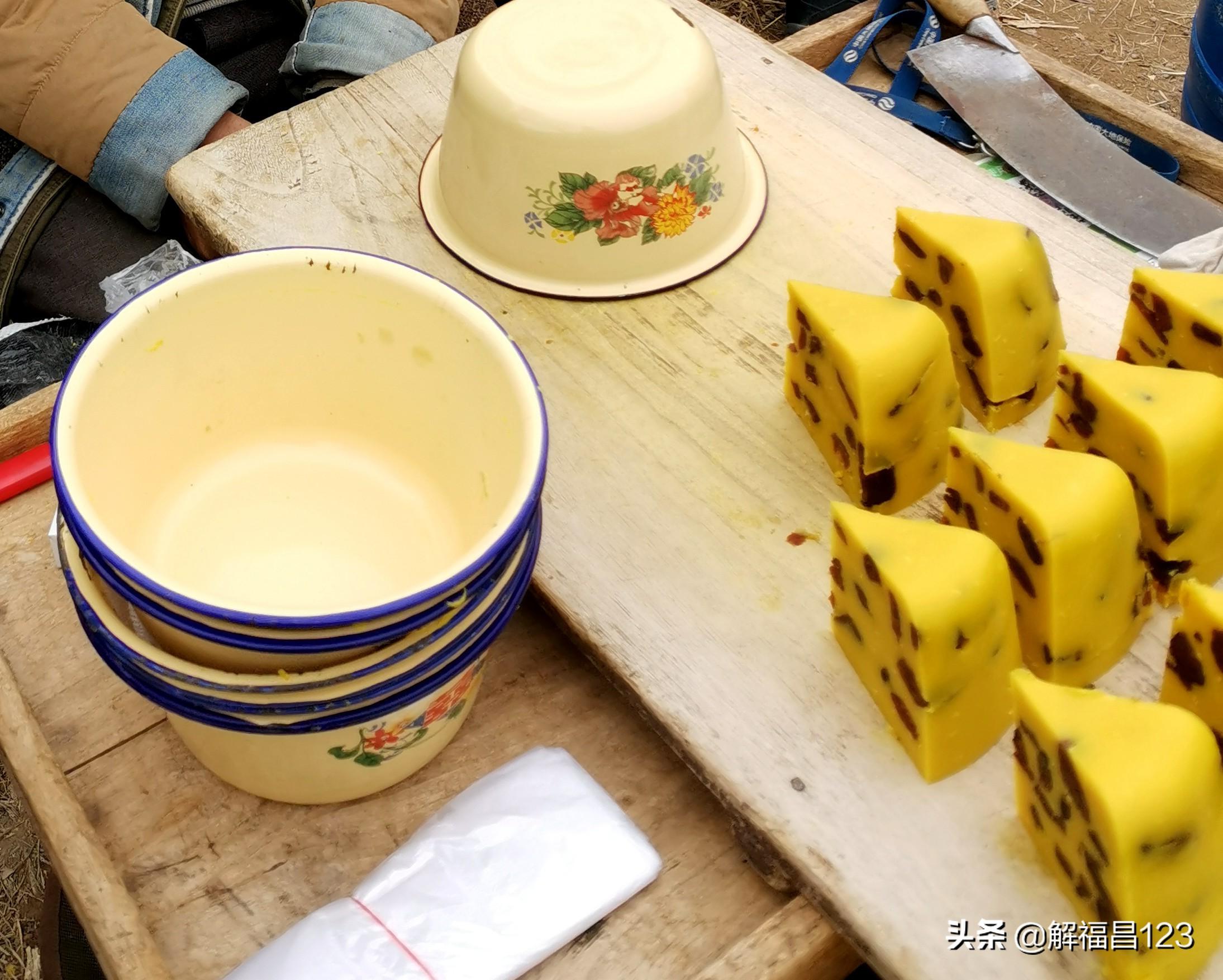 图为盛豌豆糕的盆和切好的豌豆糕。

***

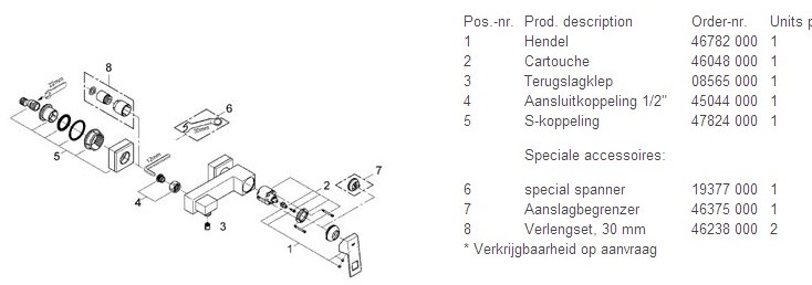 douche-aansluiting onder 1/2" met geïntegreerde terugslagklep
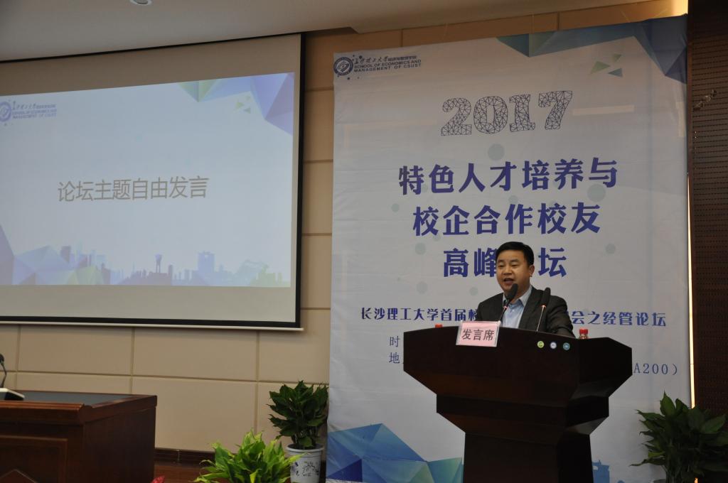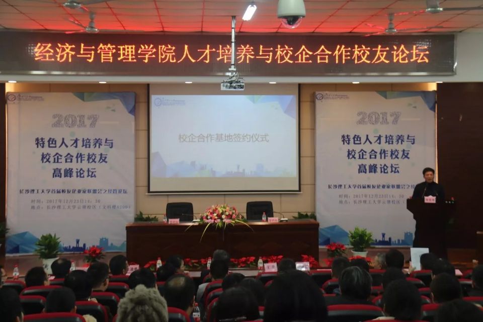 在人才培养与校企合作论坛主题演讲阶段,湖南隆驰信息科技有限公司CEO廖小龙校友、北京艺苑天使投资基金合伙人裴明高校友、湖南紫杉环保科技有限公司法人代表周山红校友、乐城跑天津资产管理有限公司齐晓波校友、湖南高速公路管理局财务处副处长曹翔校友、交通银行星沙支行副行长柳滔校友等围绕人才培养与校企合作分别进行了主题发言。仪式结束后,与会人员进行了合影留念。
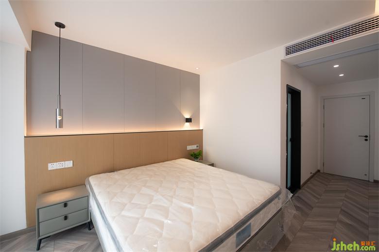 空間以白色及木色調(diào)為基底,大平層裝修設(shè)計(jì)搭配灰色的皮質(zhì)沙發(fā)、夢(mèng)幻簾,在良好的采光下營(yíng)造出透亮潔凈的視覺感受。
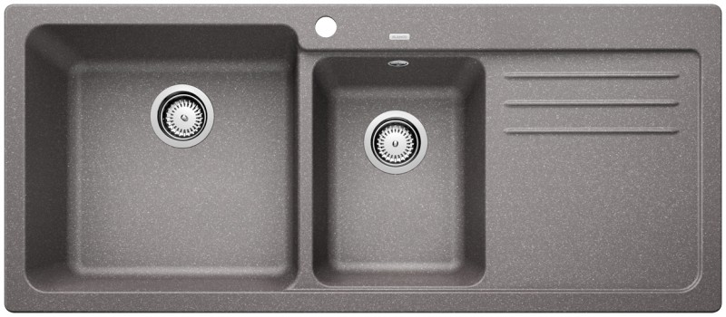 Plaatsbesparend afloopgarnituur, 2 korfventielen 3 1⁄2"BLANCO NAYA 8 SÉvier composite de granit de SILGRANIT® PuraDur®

***

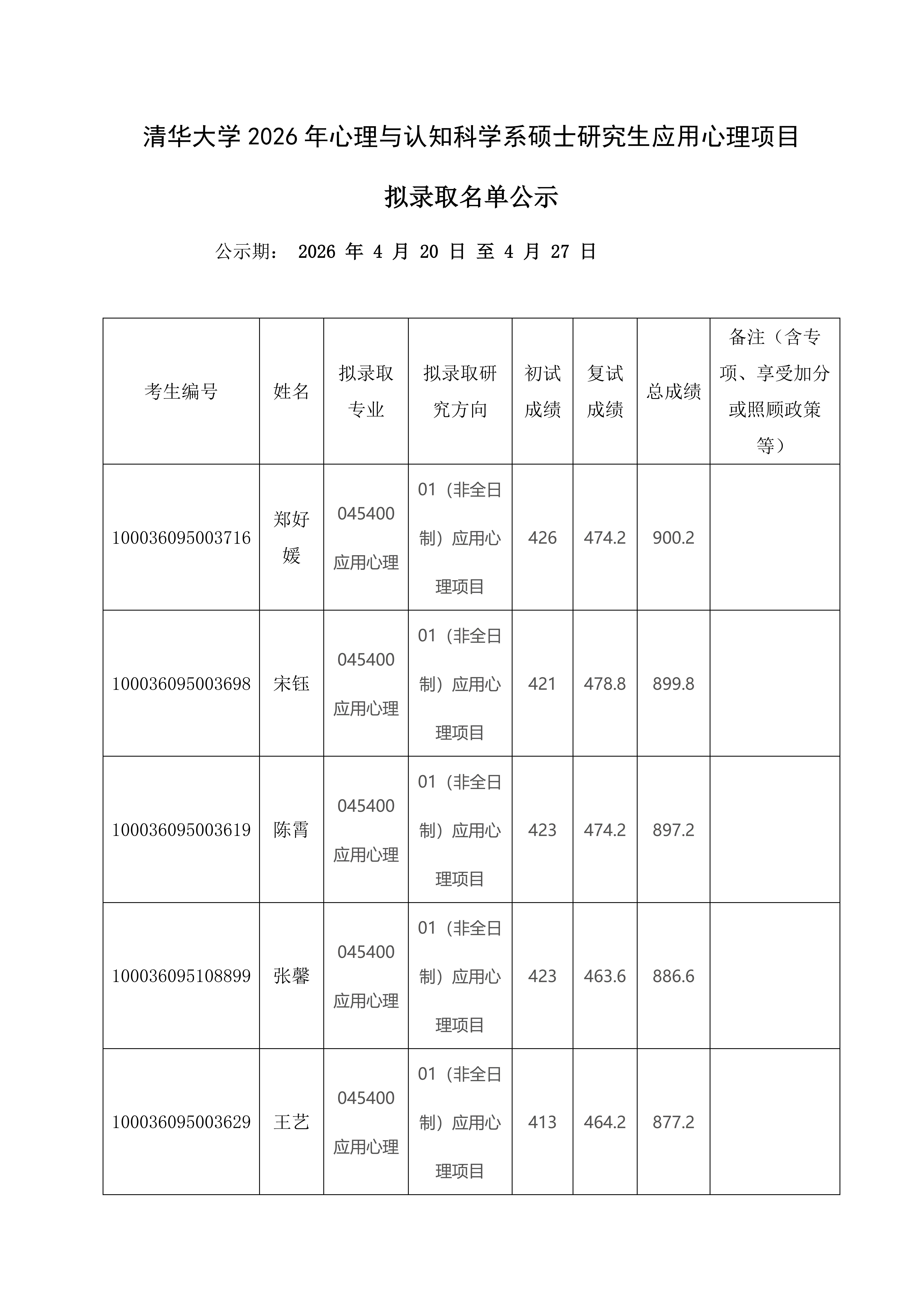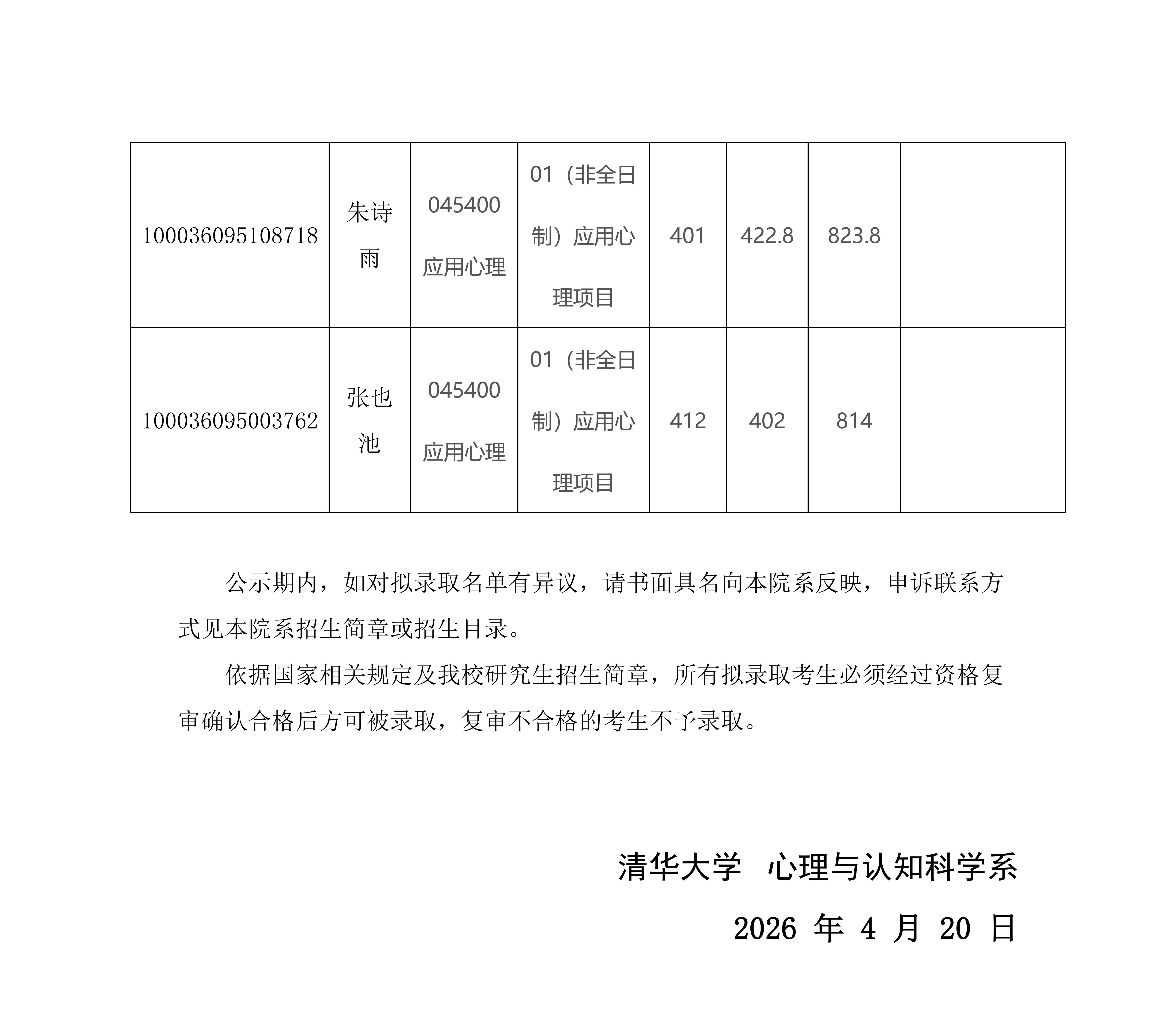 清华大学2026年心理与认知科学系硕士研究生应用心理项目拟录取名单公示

***

_TASK DESCRIPTION_
Within the material above, find the part that opens with the line containing "在人才培养与校企合作论坛主题" and closes with the line containing "空間以白色及木色調(diào", and reproduce it exactly without the pictures.

_YOUR SOLUTION_
 在人才培养与校企合作论坛主题演讲阶段,湖南隆驰信息科技有限公司CEO廖小龙校友、北京艺苑天使投资基金合伙人裴明高校友、湖南紫杉环保科技有限公司法人代表周山红校友、乐城跑天津资产管理有限公司齐晓波校友、湖南高速公路管理局财务处副处长曹翔校友、交通银行星沙支行副行长柳滔校友等围绕人才培养与校企合作分别进行了主题发言。仪式结束后,与会人员进行了合影留念。
 空間以白色及木色調(diào)為基底,大平層裝修設(shè)計(jì)搭配灰色的皮質(zhì)沙發(fā)、夢(mèng)幻簾,在良好的采光下營(yíng)造出透亮潔凈的視覺感受。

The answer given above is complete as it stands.